Goal of the exercise -> All of the data that follows should be given again exactly, without its images.

**** Data section ****

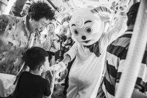 儿童节,它是一辆卡通主题车:车内贴着不同的卡通漫画和悬挂着各种小玩偶——喜洋洋与灰太狼、熊大等等。为了让孩子们学习简单的交规,上车处的一个篮子里,放着专供少年儿童学习的交规手册和相应的小奖品,孩子们可随手领取。
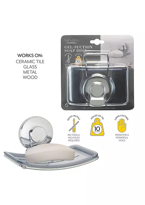 A soap dish you can put in your shower or by your sink, the Bath Bliss gel suction soap dish. A convenient caddy with gel power suction can be placed on any smooth surface. Strong enough to hold up to 10lbs and perfect size for 1 large bar of soap.
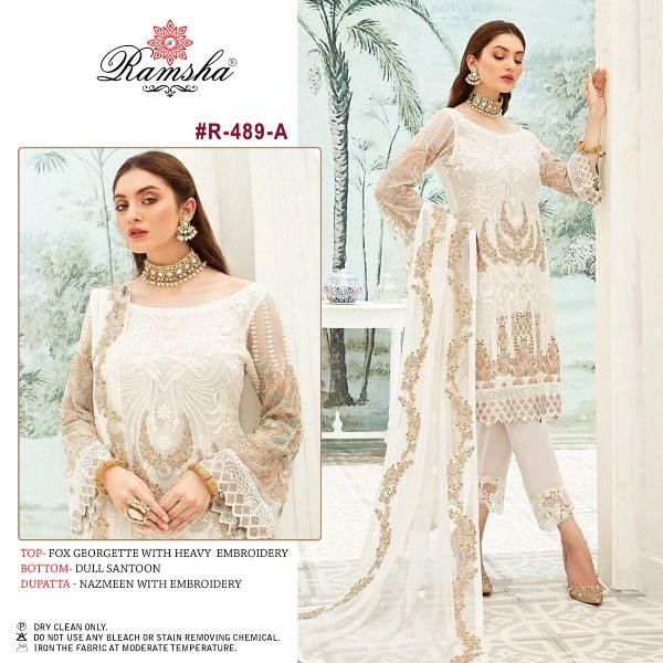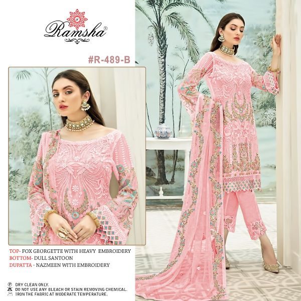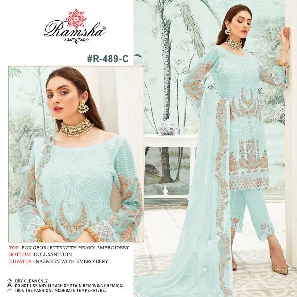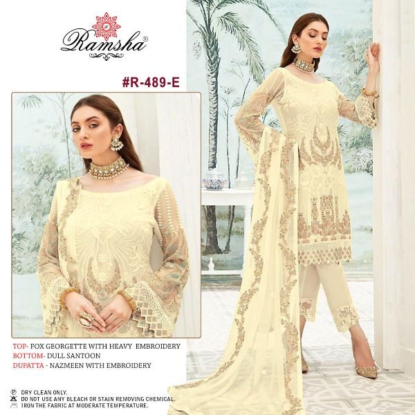 | Catalogue: | Ramsha Presents 489 Nx 489-a To 489-e Series Georgette Embroidered Salwar Suits Pakistani Collection At Wholesale Price |

****

Expected answer ->
 儿童节,它是一辆卡通主题车:车内贴着不同的卡通漫画和悬挂着各种小玩偶——喜洋洋与灰太狼、熊大等等。为了让孩子们学习简单的交规,上车处的一个篮子里,放着专供少年儿童学习的交规手册和相应的小奖品,孩子们可随手领取。
 A soap dish you can put in your shower or by your sink, the Bath Bliss gel suction soap dish. A convenient caddy with gel power suction can be placed on any smooth surface. Strong enough to hold up to 10lbs and perfect size for 1 large bar of soap.
 | Catalogue: | Ramsha Presents 489 Nx 489-a To 489-e Series Georgette Embroidered Salwar Suits Pakistani Collection At Wholesale Price |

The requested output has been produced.